When I first met her, she was dancing barefoot on the beach, her skirt swishing around her calves as the hem dipped into the frothy waves of the Pacific Ocean. Her laugh was enchanting, her body dangerously inviting. We were seventeen and penniless.

She asked me to be her roommate and we spent the summer living off peanut butter sandwiches and cartons of rice from the Chinese food place below our apartment. I played the guitar on the corner while she danced, passersby throwing loose change and crumpled bills into an empty coffee can. At night, she would lie across my bed wearing only her bra and panties and I would play for her, lining up the curves of my Gibson with the curves of her hips. I sang “Black Magic Woman” and “Stairway to Heaven” while she lay on her side, tracing patterns on my grandmother’s quilt.

The first time I kissed her was on Halloween. She was dressed as a mermaid, real sand dollars pressed against her breasts, her satin skirt ruffled at her ankles like the shimmery fins of a mermaid tail. We gave away fortune cookies instead of candy and she hugged every kid who knocked on the door. When the last of the trick-or-treaters finally left, she opened all the fortune cookies and divided up the fortunes between us. I leaned across the table and kissed her quick; a soft brush of my lips against hers. She walked out of the room and left me sitting at the table.

She came back wearing only my guitar, the strap slung over her shoulder. We spent the night wrapped in my grandmother’s quilt, making promises and telling secrets between nervous kisses. Stella was mine for a whole year. Until she fell in love with someone else.

The week after her death passes by in a black-clothed-blur and I drown myself in the sweet burn of amber-colored rum and hand-rolled cigarettes. People come and go—casseroles and meat platters and pies show up on countertops covered with tents of crinkled foil, brought by neighbors, friends, family; food brings little consolation in the hollow sound of silence her death has presented. I nod and accept the half-hugs of comfort but I am far removed from it all. I am lost in the past, thinking of the strands of hair that coiled tightly against her smooth skin, the way her mouth tasted after a cigarette, the smell of her conditioner.

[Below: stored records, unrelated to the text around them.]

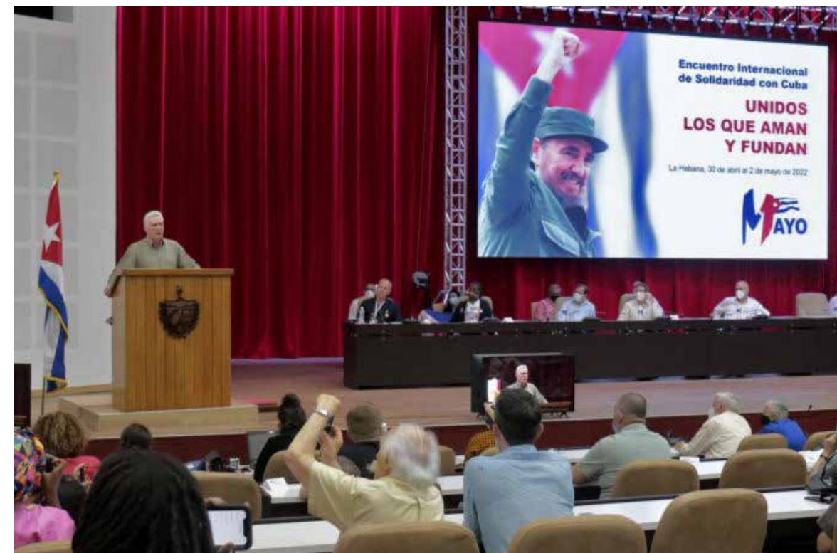
La solidaridad seguirá siendo un mensaje permanente de paz imposible de acallar, afirmó el Presidente cubano.

En relación con la situación entre Rusia y Ucrania subrayó: “Nos oponemos al uso de la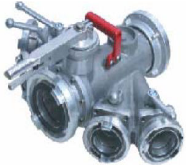
Imagem 3 - Divisor com cinco expedições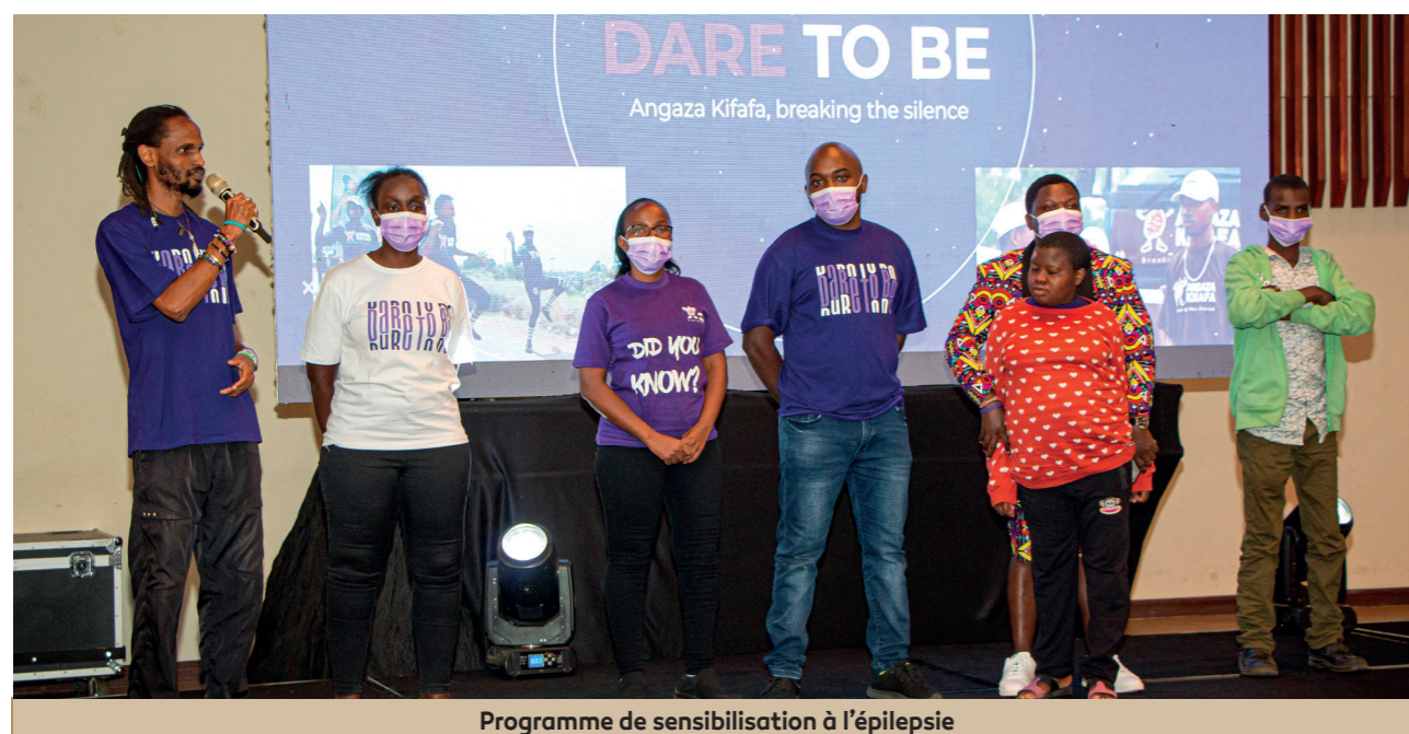
Programme de sensibilisation à l'épilepsie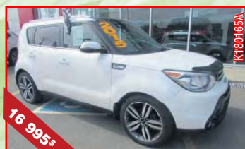
KIA SOUL SX BA 2015 Automatique, 4 cyl., 2,0 L, 33 900 km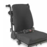
Rücken: ARH 2174, 2175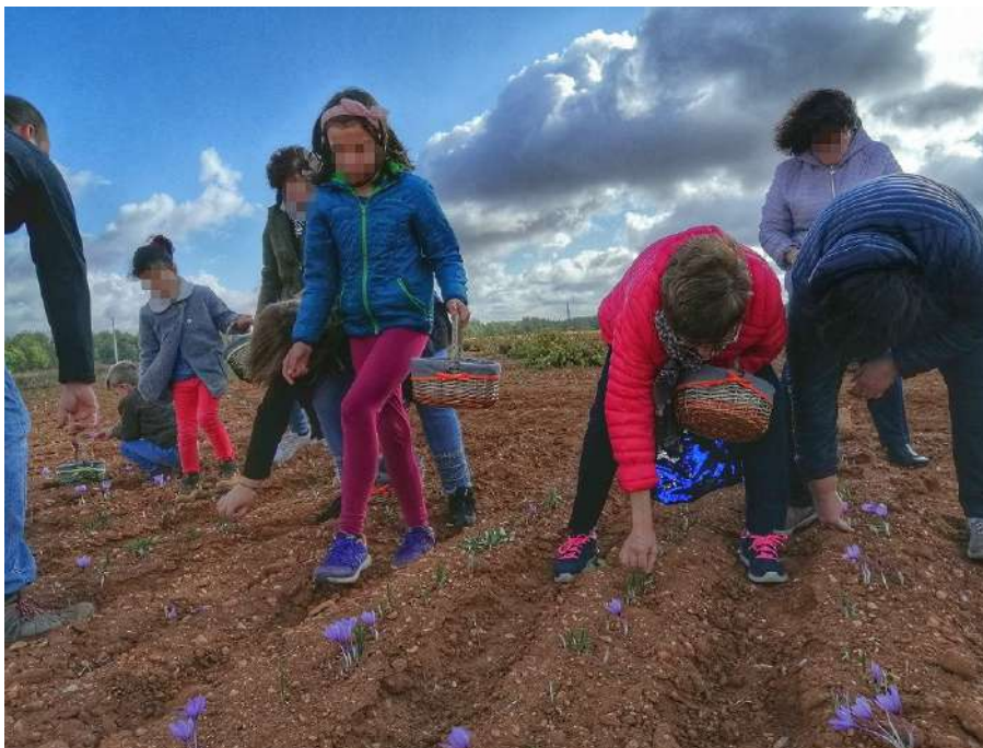
Campo de azafrán de La Mancha

Por la mañana vamos a tener la oportunidad de realizar una visita guiada a un campo de azafrán acompañados por un agricultor experto en este cultivo. Disfrutaréis de unas vistas espectaculares, las que nos ofrece el campo vestido por la rosa del azafrán. Con vuestras manos recogeréis las flores del campo. A los niños les encanta ir con su cestita y hacer una competición para ver quien recoge mayor número de flores.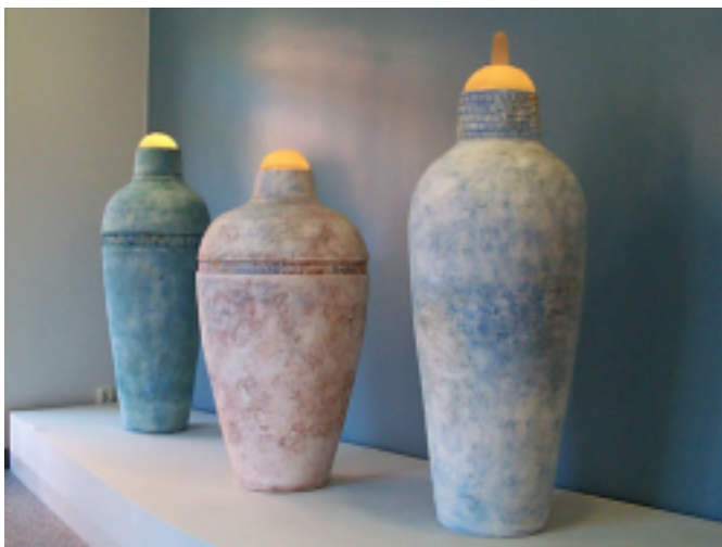
Sanna Öhlen keramik, bild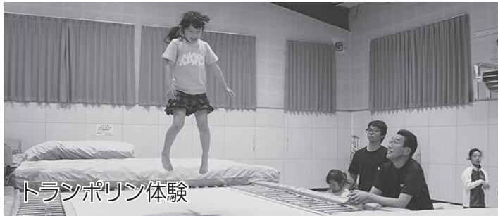
トランポリン体験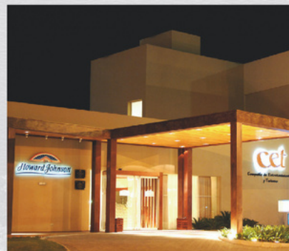
HJ RÍO CUARTO CAPITÁN GIACHINO 551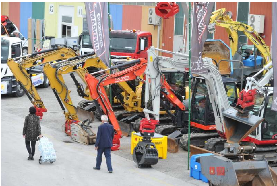
Nataša Juhnov Megra (slika je simbolična)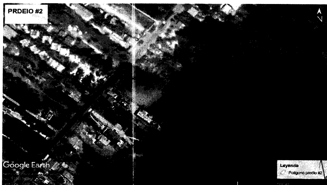
Figura 6. Localización del área de interés. Predio N°2 - Diagonal a Cabañas Aqua Blue, Coveñas.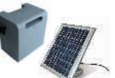
SOLEMYO (SYKCE) zestaw zasilania słonecznego 1 350,00 1 660,50 brutto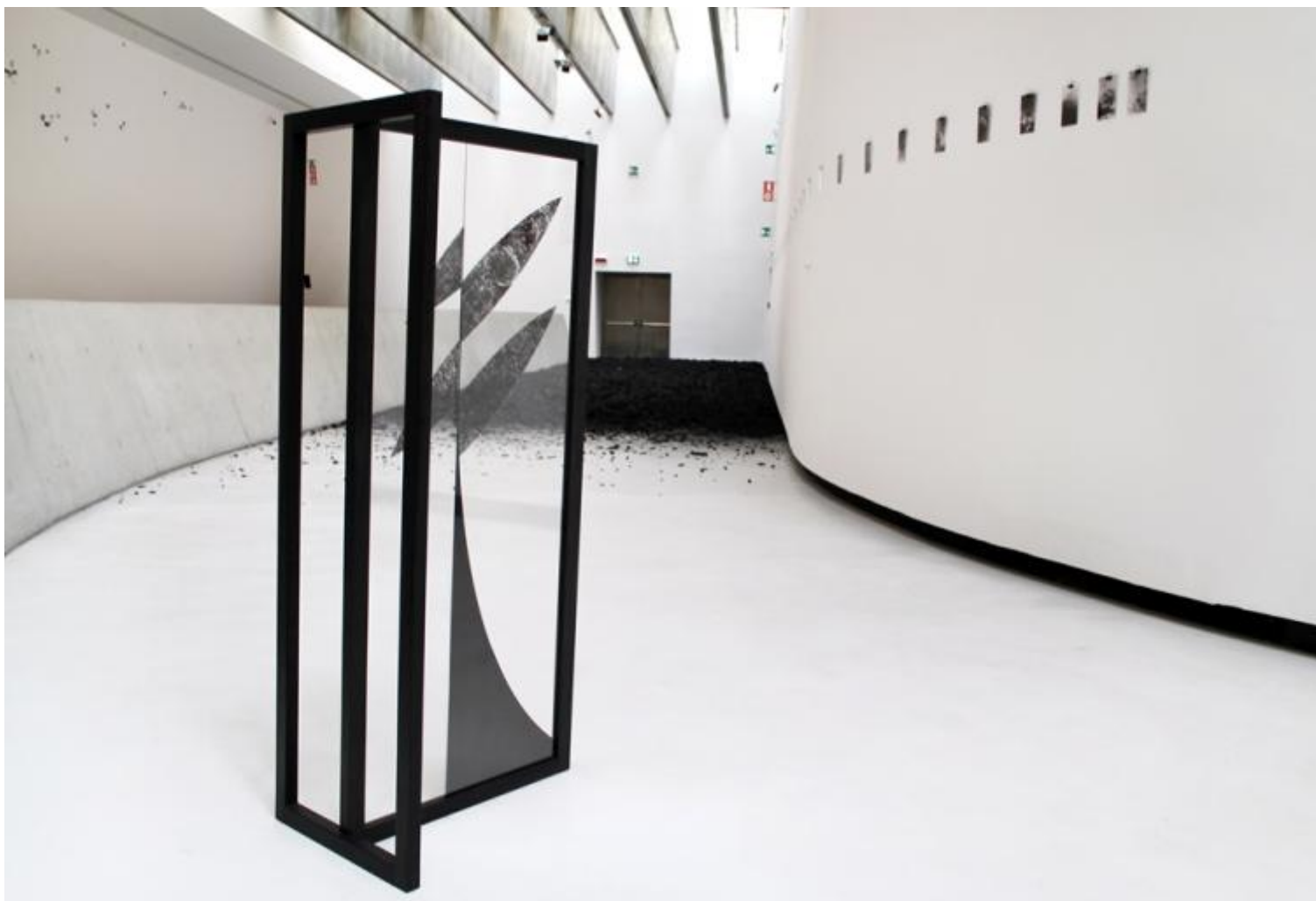
Riccardo Arena Orient 1 - Everlasting Sea 2016

In Orient 1 – Everlasting Sea ripercorri parte della tua esperienza in Russia alla ricerca di una verità cosmica. Ne distribuisce le tracce e le suggestioni lungo tutto lo spazio dal pavimento all’altezza massima della parete, rendendo inaccessibili molte delle loro parti. Si può parlare del tuo lavoro come di uno strumento cognitivo? Come di una ricerca al tempo stesso personale e spirituale?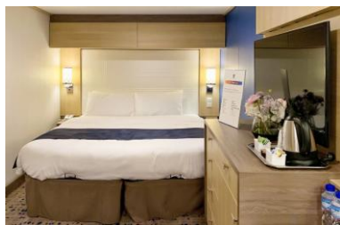
內艙房 面積約 166 平方呎

A hand curls around my shoulder. I turn and look at my brother, the grief painted so heavily onto his face that I have to look away, positive that it mirrors my own. He doesn’t know about us. He doesn’t know that I was crazy in love with his wife when I introduced them, or that, on their wedding night she called me to tell me she missed me. He doesn’t know that I was the first person she told about the cancer, or that she and I spent a weekend together not long ago. He doesn’t know any of this. And I don’t tell him.

“Thank you, Coral. I would be lost without you here,” he smiles, his eyes laced with red from crying too much.

“I loved her too,” I say.

“Yeah, you did, didn’t you?” He hugs me tightly, and I realize that he knows. We hold onto each other, both of us remembering Stella.